My girlfriend and I are doing a strength/talent assessment test and reading the accompanying book. The test results are interesting. But the thing I've most taken away is our cultural dominance on fixing our weaknesses rather than building our strengths.
As a woman (wife, mother, daughter, sister, friend) I constantly find myself in this trap. If you ask me what my flaws are I can rattle off a list quick as a wink. But, if you ask me what I am good at I'll stammer off one or two things and then falter.
And those "strengths" are often just a few positive traits I've heard my mother say.
I know I'm good at things. And taking the time to sit down and think about it has been very revealing. The Lord has blessed me with some awesome talents. But I am too often caught up in trying to "fix" myself, rather than foster and strengthen my good qualities.
I'm the first to admit I covet the talent of others. Too many times I've wished I was organized, tidy,artsy-fartsy, funny, high energy, outgoing, etc. And I've wasted my time trying to teach myself to be _______. Sometimes it works. Just a little bit. But, how much more productive (and happier) would I be investing my time strengthening an existing talent rather than developing a new one.
Try as I might, my dinner parties are never going to naturally look like Martha Stewarts. So I have a choice: drain my time and my good attitude creating majestic center-pieces that don't come easily for me OR throw some wildflowers in a vase and have fun cooking up some simple grub we'll eat off paper plates.
Lately, I've been starting to figure this out more and more. For example, the other day I told RJ the following: Honey, we've been married for 6 years and its time you realized that I'm a "messy." My natural state is cluttery. Now, I don't like dirt, but this clutter (hand sweeping across the living room) doesn't really bother me. I know it bothers you, so I do my best to clean it up at 4pm everyday. But I do love to cook (and you love to eat it), so when Landon is grown, I want him to say - "My mom made me amazing meals. And we had fun in the kitchen together. Even if we had to wade through piles to get to the table for dinner."
My new goal is to expand on my gifts. Not dwell on my weaknesses. At the end of the day we should examine our accomplishments - small as they may be: My son had fun today. We ate on paper, but we ate all together. My husband was welcomed with a kiss.
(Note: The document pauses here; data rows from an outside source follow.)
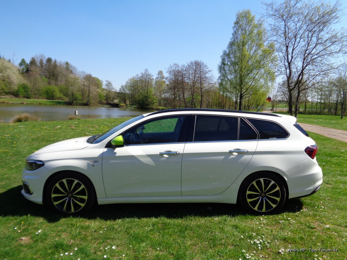Mein Fiat: 1,4l-120PS-Benziner als Kombi Lounge in GelatoWeiß mit diversen Paketen u.a. Popowärmer und 17" Alu´s, genannt "TurBienchen"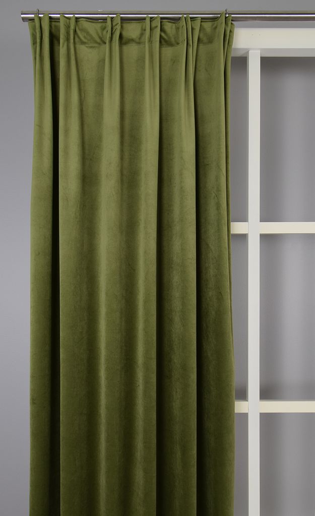 Lyxig grön sammet med härligt fall som får vilket rum som helst att kännas lite extra.
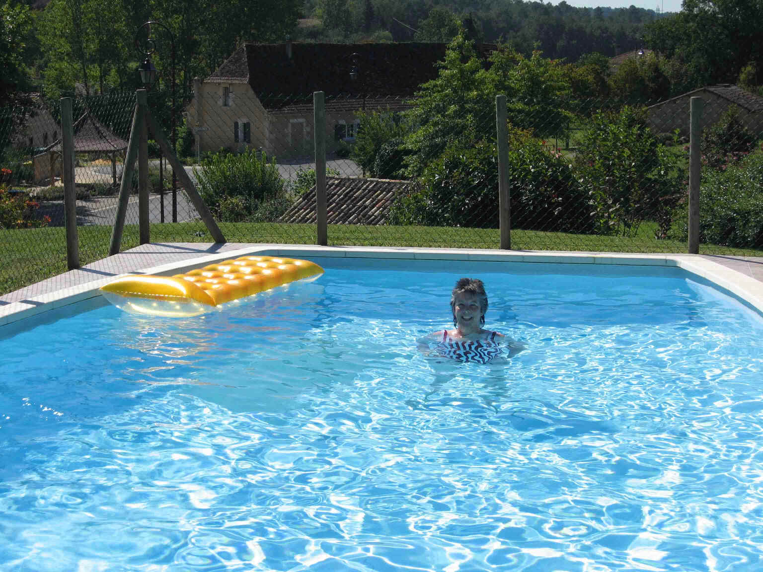 Sue does not waste any time getting in to the pool Relaxing after the swim Lunch at a very nice courtyard restaurant in Bergerac With our friends Eve and Guillaume at their restaurant in La Palmyre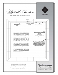 These borders fit various sizes of Quiltworx quilts, they are adjustable in two directions. Cutting off the bottom of the units across the length of each border gives you very slight adjustments, within a few inches and can also reduce yardage needed. Removing each of the solid sections gives you larger reductions in your border. Each Unit K2 is 16″ wide. So, you can remove these, to make a large jump in size reduction. Then, you can adjust with small steps again, by trimming length-wise. If you need to adjust the width to somewhere in between, we suggest measuring your quilt, and doing the math to shorten the (2) K2 center units accordingly. Take an equal amount off of each unit to have symmetrical border units on your quilt.

I listened to a friend.
Take a moment to think about your talents. Your passions. What drives you and excites you?What do others appreciate about you? And dwell on these things - not that unchecked box on your To-Do list.
5 comments:
This was very inspirational Anna. Thank you for posting this. You are right how we dwell on all the flaws we have. I am going to start focusing on and growing with the things that I can do and what I am good at...I am going to start today! I love reading your posts. Keep them coming :o)
I love this post! I think you are amazing...and I love that you're a part of our lives.
It's true...Lately I've been trying to identify what makes me happy - truly joyful - and focus on working towards those things instead of dwelling in the un-choices that I haven't made. I can relate - the college degree that I'm seemingly not using (though I think all Comm Majors are using their degrees in one way or another!) the not-exercising, those times where I could have been more graceful, understanding, or loving...but in the end I pile together all of that junk and ask God to please take it from me. And to use it for good instead of my self doubt and fear. He's really good at that! :)
I think you are marvelously talented - I see it every time we make our way down to see you guys. Just dealing with my lovable, yet difficult brother makes you a rockstar in my book. :)
I've heard it said, "if all we ever do is work on our weaknesses, the best we'll ever be is mediocre."
I fully subscribe to that.
The best leaders are those who focus on their strengths and appoint others (who excel in those areas) to cover their weaknesses.
I'm proud of you, Anna, and I appreciate the strengths God has placed within you!